Abruptly ending assistance to couples when they marry is a shortsighted policy that acts as a powerful disincentive to marry. That’s bad for the couples, their children and our country. For example:
Research shows that children raised by both their parents in the home benefit greatly. They do better in school, are less likely to use illegal drugs, have fewer teen pregnancies and are less likely to get in trouble with the law.
According to the Brookings Institution, the U.S. would have 25 percent less poverty today if we had the marriage rates we had in 1970 (79 percent of U.S. adults were married then, versus only 52 percent today). Cutting the poverty rate by a quarter would of course benefit individuals who escape poverty, and also benefit government and taxpayers by cutting the amount that needs to be spent on assistance to poor people.
And according to the Heritage Foundation, when parents are married the probability of a child living in poverty drops by an amazing amount – 82 percent.
On top of this, a 2008 report by the Institute for American Values estimated that taxpayers spent $112 billion a year for divorce and unwed childbearing. Adjusting that for inflation and the continued rise of both those family situations would make the cost substantially higher today.
A new Minnesota law enacted last year with bipartisan support and going into effect in August attempts to remove the marriage disincentive and could serve as a national model.

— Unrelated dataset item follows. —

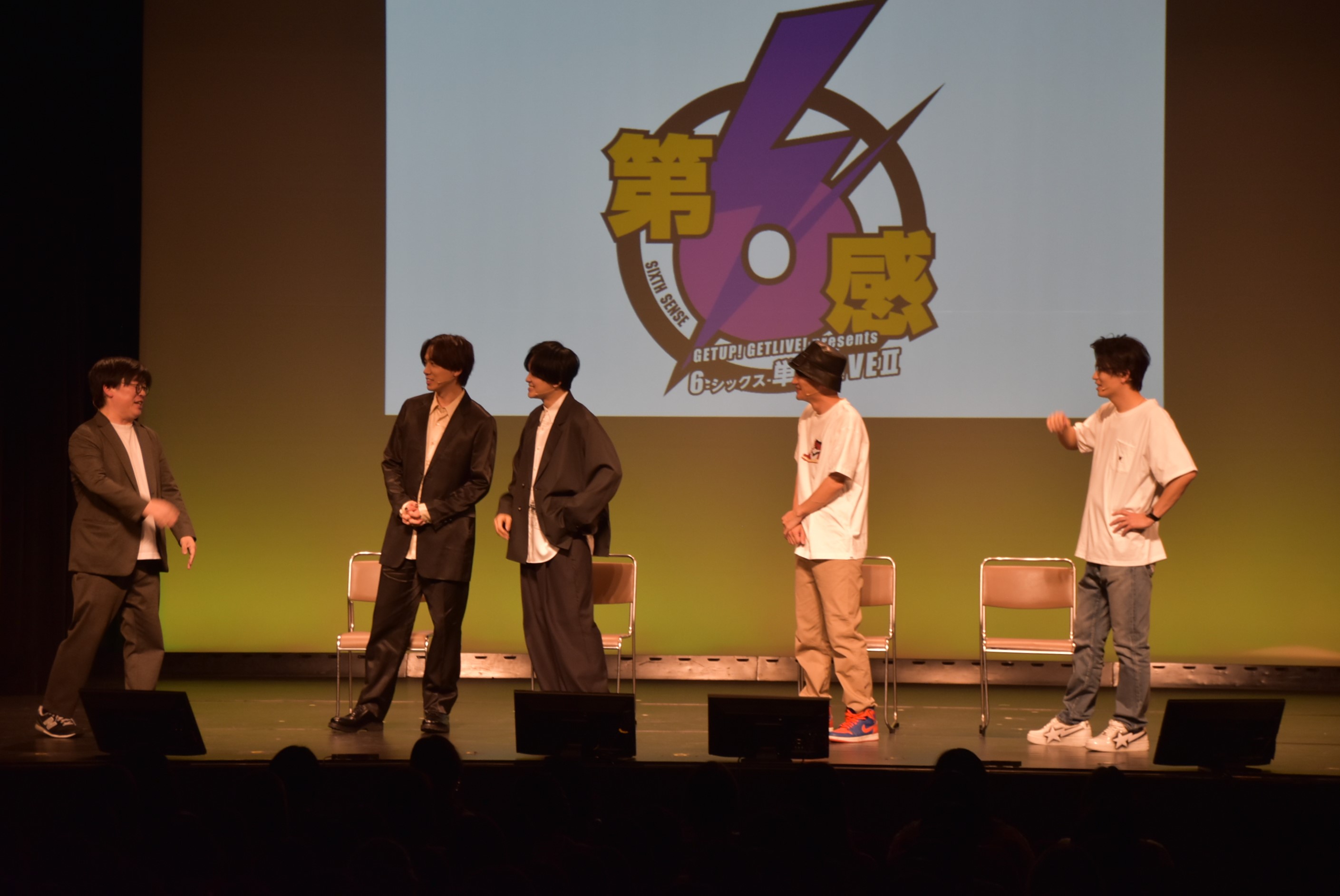 本イベントは、声優が二次元のお笑い芸人を演じるプロジェクト「GETUP! GETLIVE!(ゲラゲラ)」コントコンビ『6-シックス-』の喜多見蓮(CV:阿座上洋平さん)と狛江一馬(CV:熊谷健太郎さん)による単独ライブの第2弾。ゲストには、『はやしま』の早島雷(CV:天﨑滉平さん)と早島央(CV:梶原岳人さん)、MCには天津飯大郎さんを迎え、熱いステージが繰り広げられた。

The Minnesota law increases the family income threshold to allow couples to continue receiving government benefits for one year following a new marriage, as long as family income is no higher than 275 percent of the federal poverty level.

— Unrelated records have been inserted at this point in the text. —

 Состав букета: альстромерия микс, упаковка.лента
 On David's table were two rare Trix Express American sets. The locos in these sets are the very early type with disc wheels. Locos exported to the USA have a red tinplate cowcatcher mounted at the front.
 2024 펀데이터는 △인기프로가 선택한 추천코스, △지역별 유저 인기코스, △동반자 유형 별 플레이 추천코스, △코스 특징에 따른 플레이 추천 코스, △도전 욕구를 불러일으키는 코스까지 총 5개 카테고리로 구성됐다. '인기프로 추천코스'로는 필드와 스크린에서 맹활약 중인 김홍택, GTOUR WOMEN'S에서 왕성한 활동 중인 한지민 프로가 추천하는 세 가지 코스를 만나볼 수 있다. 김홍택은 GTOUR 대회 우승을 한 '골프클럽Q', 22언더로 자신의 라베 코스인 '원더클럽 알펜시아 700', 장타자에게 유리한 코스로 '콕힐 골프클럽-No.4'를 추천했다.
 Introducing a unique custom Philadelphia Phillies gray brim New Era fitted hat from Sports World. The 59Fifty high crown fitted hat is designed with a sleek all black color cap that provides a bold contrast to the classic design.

The new law was proposed after clergy reported to Minnesota activists that single mothers who would like to get married were refraining because their husband-to-be would not earn enough to compensate for the mother’s loss of benefits. This new law gives the couples 12 months to come up with a plan to become financially stable without government assistance.
My aim as director of National Marriage Week USA is to strengthen marriages, and to get the word out that both the left and the right applaud marriage as a solution to poverty.

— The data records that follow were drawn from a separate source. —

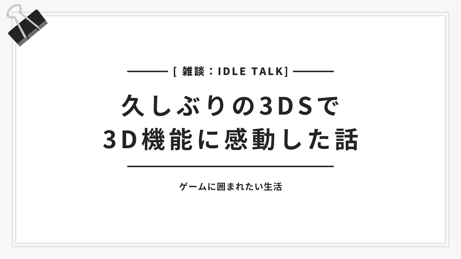そのレベルで止まっていた当時に”裸眼”で”手の中”に立体視体験ができるゲーム機が来たわけで、(現在に至るまで見ても)これだけの体験ができるゲームを比較的安価で提供できていたことが月並みですがすごいなぁと思ってしまうわけです。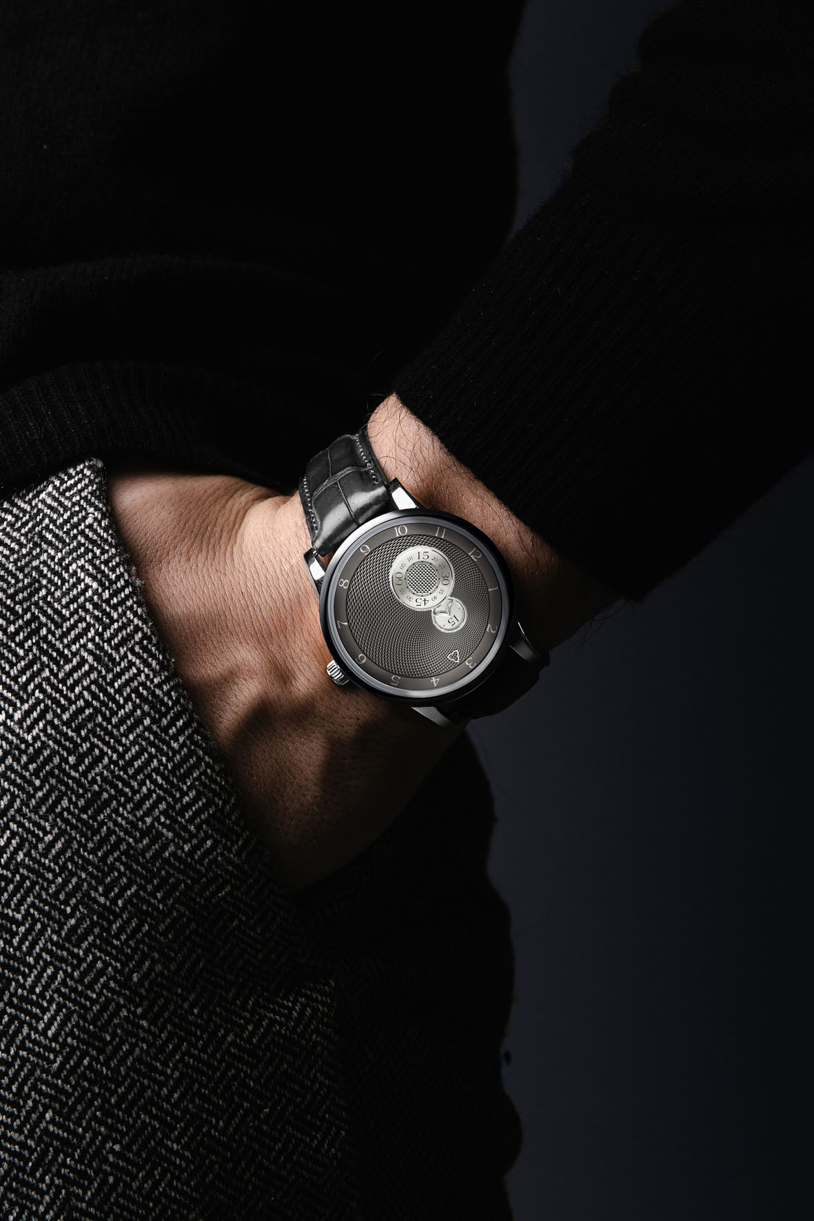 Regarding our collection Nuit Fantastique, the dial is made up of 4 parts, three of which are in permanent rotation: the larger ring for the hours, the minute wheel that appears within an aperture, and the seconds wheel. Two indicators allow to read time, one for hours and another for minutes and seconds. The dial is made of brass with a graining realized with a counterstrike and the colour is obtained by electroplating bath. The intertwining of the minutes and seconds gives a glimpse of the infinite and the time that goes on endlessly. At the centre of the seconds wheel, you can observe a clous de Paris guilloche encircled by a railroad track itself encircled by an azured ring worked with a comb. Look closely, the surface beneath the numerals is not plane but waved. The design of this collection is inspired by deconstructivism architecture, which shakes up the conventions, and disturbs our way of conceiving shapes and their functions.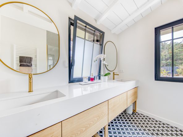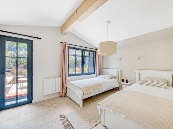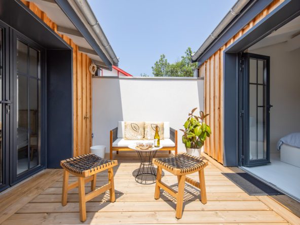 Avec un total de quatre vastes chambres, cette villa peut recevoir en tout confort jusque 8 personnes. En extérieur, une terrasse bois accueille salon et espace de repas. Un vrai havre de repos pour des vacances de rêve entre bassin et océan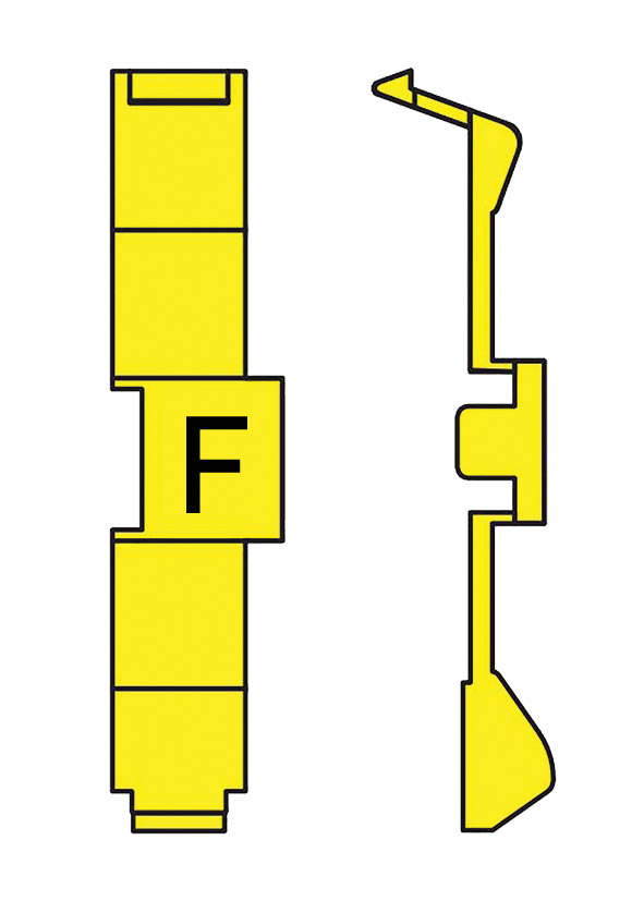 Similar to the traditional chevron shaped cable markers, these snap-fit types can be fitted over cables that have already been installed or terminated. A secure latch holds the marker firmly in place. Markers are manufactured in halogen-free nylon. All types are supplied semi-cut on strips of 32 markers. A marker can be applied to the cable whilst still on the strip for ease of application, snapped shut, and then detached from the strip.

This effort is appealing to both progressives and conservatives, according to Minnesota activists Jason Adkins and Anne Kirsnik, who initiated the idea for the new law on benefits for married couples in that state. The bill passed in a Republican-majority state Legislature and was signed by a Democratic governor.
Adkins said that progressives like the new law because they want to give a leg up to those in poverty with hopes of moving them further toward financial sustainability. Conservatives also care about alleviating poverty and want to promote marriage.
There is no question that poverty and political acrimony are two significant issues that our country faces. As director of an annual campaign to strengthen marriage, I am encouraged that Minnesota officials from both political parties have addressed both with this law. It is my hope that other elected officials will follow in these footsteps and bridge the political divide to help American families.